NFL Draft

Draft Profile: Ohio St. WR Terry McLaurin – W. Berckenhoff

by Wyatt Berckenhoff

Terry McLaurin

6’0” 208 Ibs

2018 Stats

35 Receptions, 701 yards, Average of 20 YPR,  11 TD


Routes – As a route runner, he shows detail and intelligence. This is shown through how precise his angles and breaks are when running the route. Matched with his actual physical ability at the top of his routes makes him a smart runner.

Size and speed – Due to his NFL Combine performance, his draft stock has claimed due to incredible numbers. He ran the forty yard dash in 4.35 seconds with the NFL average being 4.48 making for an above average speed. Matched with being six feet and a vertical jump at 37.5 inches, he has good measurables to be a success in the NFL.

On Field IQ – He has the rare ability to find the open space when the QB is in trouble, which could lead to many targets. During the Senior Bowl and throughout the season he was able to destroy his one on one matchups, winning almost every single time.

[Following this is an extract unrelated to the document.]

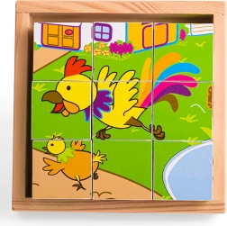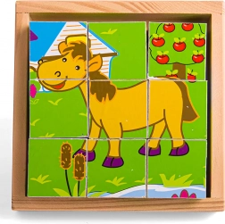 Nine sturdy wooden blocks combine to form six adorable animal pictures. Children can rotate, mix, and create with the blocks, naturally supporting fine motor skills, dexterity, and concentration. The set includes a wooden base for easy building and safe storage—ideal at home and on the go.

Starting speed – Although Terry has above average speed overall, he can be slow at the start of the play. He seems to get off the line slow making it harder for him to get open for more receptions. With the lack of early speed the defense is able to stay in tight coverage with him.

Blocking – Despite his size he seems to be slow when getting to his blocking assignments. His willingness to block is also lacking at times, making it a point of improvement in Terry’s game.

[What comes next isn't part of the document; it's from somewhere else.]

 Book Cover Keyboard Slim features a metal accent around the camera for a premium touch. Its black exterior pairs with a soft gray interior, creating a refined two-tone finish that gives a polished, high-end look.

Catching – He catches with his body instead of catching with his hands. This can create many problems with NFL defenses, especially since he struggles getting away from tight coverage. His lack of high pointing the ball limits the routes he can do. He also struggles to gain YAC (Yards after the catch) which could be vital to him seeing more time on the field.


He does have a special teams ability due to good size and speed. His route running is the tool that sets him apart due to his physical nature. He seems to lean on his size to win the start of his routes rather than his speed, causing problems of tight coverage. NFL teams could be worried that his tendency to let the ball get too far into his body instead of using his hands. His lack of YAC could also be an issue. His talent will most likely make him start as a special teams player but be a backup wide receiver for his first year while he learns proper techniques.